**Task to complete**
Before copying, set the images aside; then transcribe every entry below exactly.

**Collection entries**
^^^^^^^^^^^^^^^^

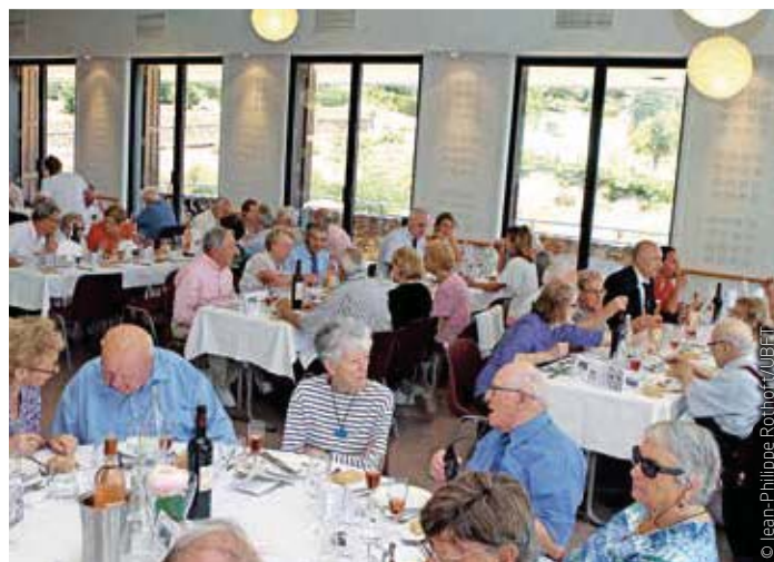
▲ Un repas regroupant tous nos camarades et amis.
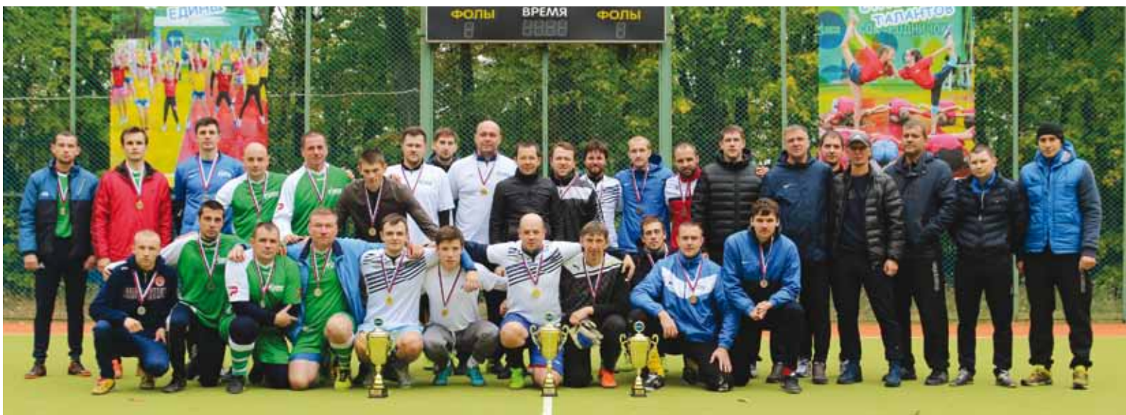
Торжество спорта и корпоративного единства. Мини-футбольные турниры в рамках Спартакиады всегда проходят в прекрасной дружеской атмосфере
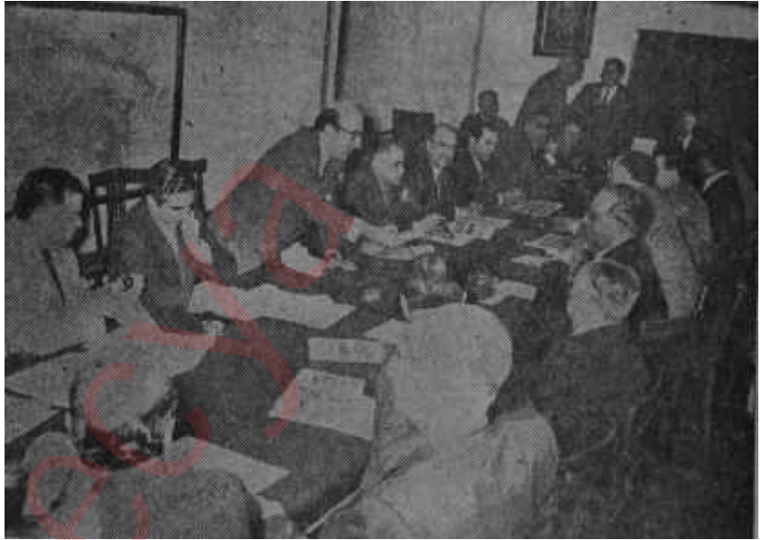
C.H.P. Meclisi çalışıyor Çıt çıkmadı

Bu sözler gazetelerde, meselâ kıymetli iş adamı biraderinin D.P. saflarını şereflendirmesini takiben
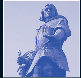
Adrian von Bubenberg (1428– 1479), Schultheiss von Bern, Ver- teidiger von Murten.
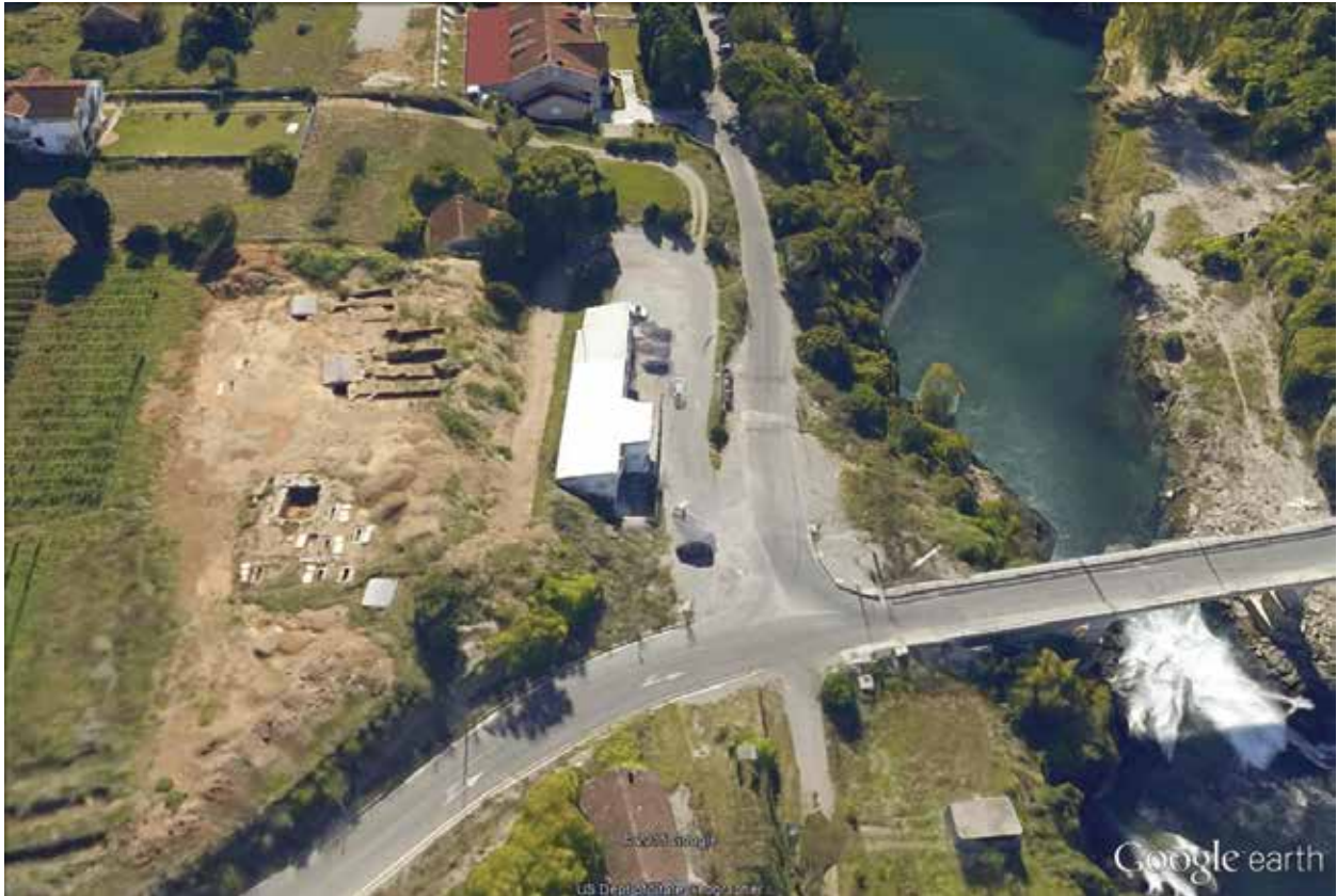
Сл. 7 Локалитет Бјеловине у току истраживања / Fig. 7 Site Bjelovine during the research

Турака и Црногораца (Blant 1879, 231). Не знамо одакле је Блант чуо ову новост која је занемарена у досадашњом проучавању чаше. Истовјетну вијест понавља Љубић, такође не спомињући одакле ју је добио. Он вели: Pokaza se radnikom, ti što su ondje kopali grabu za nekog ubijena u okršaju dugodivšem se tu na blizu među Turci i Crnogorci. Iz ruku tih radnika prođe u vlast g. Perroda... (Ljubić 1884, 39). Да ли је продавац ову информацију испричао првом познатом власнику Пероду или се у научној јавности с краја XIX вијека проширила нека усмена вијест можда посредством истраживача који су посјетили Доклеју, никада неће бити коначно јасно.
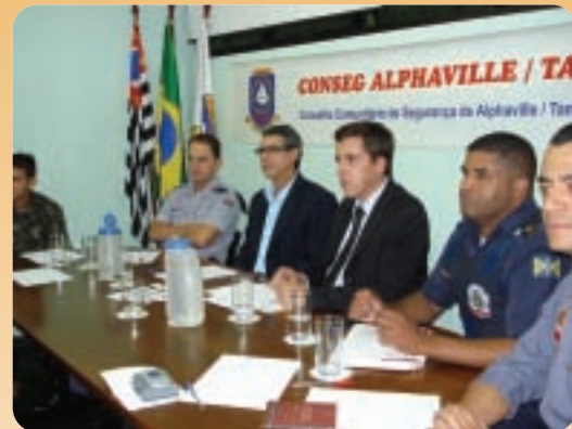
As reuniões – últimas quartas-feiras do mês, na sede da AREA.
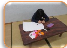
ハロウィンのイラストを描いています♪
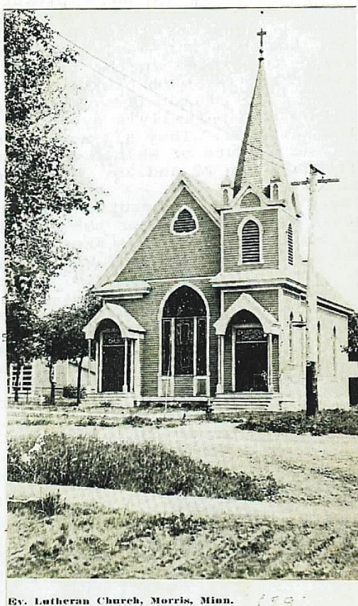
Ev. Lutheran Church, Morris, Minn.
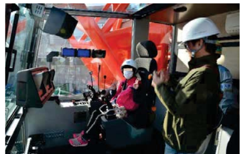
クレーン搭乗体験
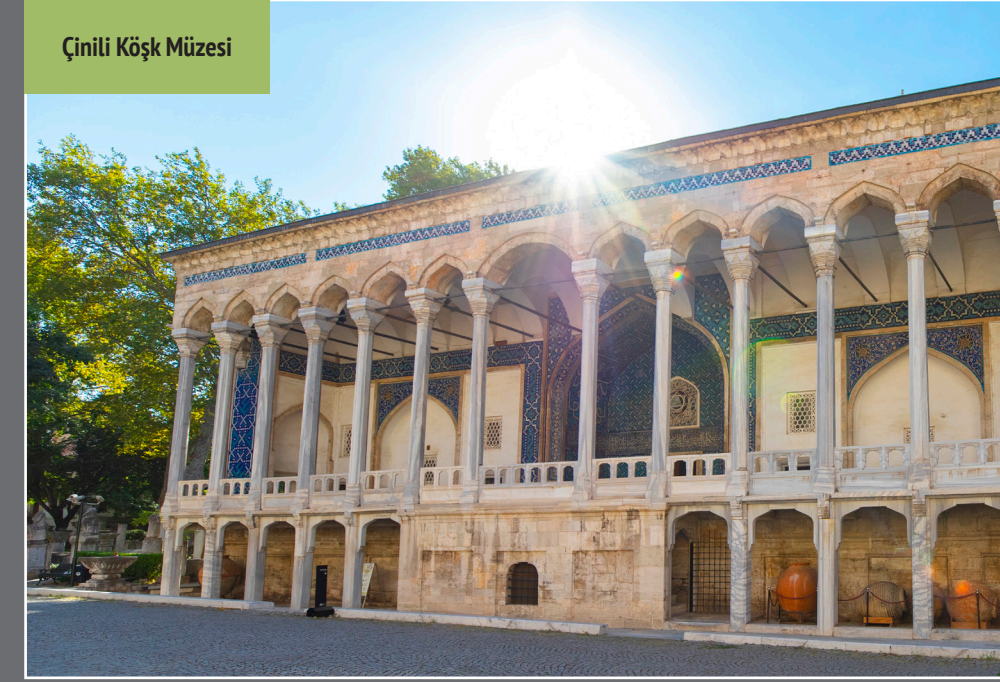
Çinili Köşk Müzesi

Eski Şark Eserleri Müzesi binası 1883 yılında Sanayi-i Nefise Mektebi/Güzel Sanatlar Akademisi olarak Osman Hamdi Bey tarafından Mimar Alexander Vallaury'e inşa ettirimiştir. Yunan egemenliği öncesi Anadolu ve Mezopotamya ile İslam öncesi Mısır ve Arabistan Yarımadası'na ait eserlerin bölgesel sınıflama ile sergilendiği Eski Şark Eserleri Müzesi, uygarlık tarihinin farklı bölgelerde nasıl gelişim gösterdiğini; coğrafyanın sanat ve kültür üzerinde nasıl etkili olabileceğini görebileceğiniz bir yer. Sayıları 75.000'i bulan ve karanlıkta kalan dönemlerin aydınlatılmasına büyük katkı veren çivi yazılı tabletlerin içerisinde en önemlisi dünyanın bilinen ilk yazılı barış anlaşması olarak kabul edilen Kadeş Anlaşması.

^^^^^^^^^^^^^^^^

**Output of the task**
▲ Un repas regroupant tous nos camarades et amis.
Торжество спорта и корпоративного единства. Мини-футбольные турниры в рамках Спартакиады всегда проходят в прекрасной дружеской атмосфере
C.H.P. Meclisi çalışıyor Çıt çıkmadı

Bu sözler gazetelerde, meselâ kıymetli iş adamı biraderinin D.P. saflarını şereflendirmesini takiben
Adrian von Bubenberg (1428– 1479), Schultheiss von Bern, Ver- teidiger von Murten.
Сл. 7 Локалитет Бјеловине у току истраживања / Fig. 7 Site Bjelovine during the research

Турака и Црногораца (Blant 1879, 231). Не знамо одакле је Блант чуо ову новост која је занемарена у досадашњом проучавању чаше. Истовјетну вијест понавља Љубић, такође не спомињући одакле ју је добио. Он вели: Pokaza se radnikom, ti što su ondje kopali grabu za nekog ubijena u okršaju dugodivšem se tu na blizu među Turci i Crnogorci. Iz ruku tih radnika prođe u vlast g. Perroda... (Ljubić 1884, 39). Да ли је продавац ову информацију испричао првом познатом власнику Пероду или се у научној јавности с краја XIX вијека проширила нека усмена вијест можда посредством истраживача који су посјетили Доклеју, никада неће бити коначно јасно.
As reuniões – últimas quartas-feiras do mês, na sede da AREA.
ハロウィンのイラストを描いています♪
Ev. Lutheran Church, Morris, Minn.
クレーン搭乗体験
Çinili Köşk Müzesi

Eski Şark Eserleri Müzesi binası 1883 yılında Sanayi-i Nefise Mektebi/Güzel Sanatlar Akademisi olarak Osman Hamdi Bey tarafından Mimar Alexander Vallaury'e inşa ettirimiştir. Yunan egemenliği öncesi Anadolu ve Mezopotamya ile İslam öncesi Mısır ve Arabistan Yarımadası'na ait eserlerin bölgesel sınıflama ile sergilendiği Eski Şark Eserleri Müzesi, uygarlık tarihinin farklı bölgelerde nasıl gelişim gösterdiğini; coğrafyanın sanat ve kültür üzerinde nasıl etkili olabileceğini görebileceğiniz bir yer. Sayıları 75.000'i bulan ve karanlıkta kalan dönemlerin aydınlatılmasına büyük katkı veren çivi yazılı tabletlerin içerisinde en önemlisi dünyanın bilinen ilk yazılı barış anlaşması olarak kabul edilen Kadeş Anlaşması.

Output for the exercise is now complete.